A defensive coordinator loves a cornerback that he can trust to put on an island in man coverage because it frees him up to do more things with the other 10 players on defense. Trufant allowed just that in the second half of the season when the Falcons asked him to often shadow the opposing team’s No. 1 receiver. It did lead to him getting beat more often than he had in the first half of the season when he was stationed on the left side of the defense exclusively. But Trufant more than handled his own against players like Kelvin Benjamin and Josh Gordon, with Pittsburgh’s Antonio Brown being the lone player that really gave him fits.
Trufant will have to make some adjustments this year under Dan Quinn, who features a lot more press coverage and zone. However, Trufant shouldn’t have too much trouble making the adjustment despite not being the classically built press corner like Quinn had in Seattle. Trufant’s six-foot frame, 190 pounds and 31-inch arms are much closer to the NFL average that what the average Seahawk corner was a year ago: around close to 6’2″, 202 pounds with 33-inch arms.
But Trufant is savvy, hard-working corner with great awareness, instincts and quickness. While he might not be the sort of player that is going to manhandle receivers at the line of scrimmage a la Brandon Browner or Richard Sherman, he still should be effective in press coverage. Using a lot more zone will allow Trufant to use the heightened instincts as well, as he should have no problem playing in space and handling the deep third as he’ll often do when the Falcons utilize Quinn’s trademark Cover-3.
Whatever adjustments need to be made, one can trust Trufant will do so. He may not be the prototype for what Quinn might be looking for at the position, but he’s too good of a player to label him a square peg. Eventually the hope is that Trufant will grow into this scheme and become Atlanta’s version of Sherman, becoming a player that offenses actively avoid.
That won’t require too much change since Trufant was second only to Sherman in terms of being the least targeted corner in the NFL through the first half of 2014. Only after the Falcons’ bye in Week Nine did the team start employing Trufant more as a shadow corner and thus saw his targets increased. But at least through the first eight weeks of the season, both Sherman and Trufant were rarely thrown at. According to a metric of Pro Football Focus, Sherman was the least targeted corner in the NFL in that span, seeing a pass thrown his way for every 8.8 snaps he was in coverage. Trufant was right behind him through eight games, seeing a target every 7.9 plays he was in coverage. Thus expectations should be high that Trufant’s production in 2015 will be at a comparable level to Sherman.
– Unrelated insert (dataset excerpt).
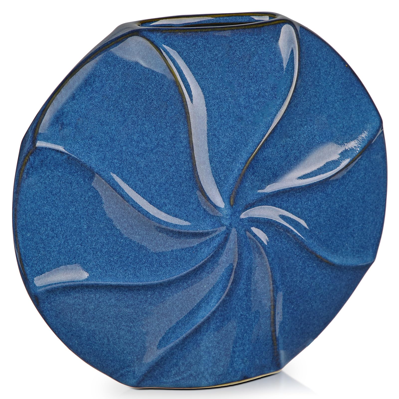ELEGANT CERAMIC VASE – MODERN & STYLISH: Elevate your home decor with this premium ceramic vase, featuring a unique sunburst texture with a hand-painted blue finish. Perfect for modern, rustic, boho, and contemporary interiors TWO SIZES AVAILABLE – VERSATILE DECORATIVE ACCENT: Choose between 11.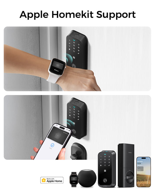 LNDU HK01 Keyless Entry Fingerprint Door Lock with Apple Home, Tap to Unlock,Smart Electronic Code Door Lock for Front Door or Back, Keypad Door Lock with Handle

However one area where Trufant might not be as successful as Sherman is in generating turnovers. During the first half of last season, Trufant failed to collect a single interception. Once he saw more targets coming his way in the second half of 2014, he managed to snag three picks. As a rookie Trufant had just a pair of interceptions and despite starting all four years of his collegiate career, Trufant only snagged a total of six interceptions; never eclipsing more than two in a single season. Meanwhile Sherman has averaged six interceptions per season over the course of his four-year career.
Given his history, it is unlikely that Trufant is ever going to be in the running to lead the NFL in interceptions. It’s a reason why despite being highly productive the past two years, he’ll probably never get the credit that is due to him by people outside Atlanta. Interceptions are sexy and if Trufant winds up only snagging a couple on an annual basis, then he’ll never garner the headlines that other corners generate.
But what Trufant lacks in “sex appeal,” he more than makes up for in consistency, work ethic and blue-collar toughness. And those traits should more than satisfy Quinn as the anchor of his secondary.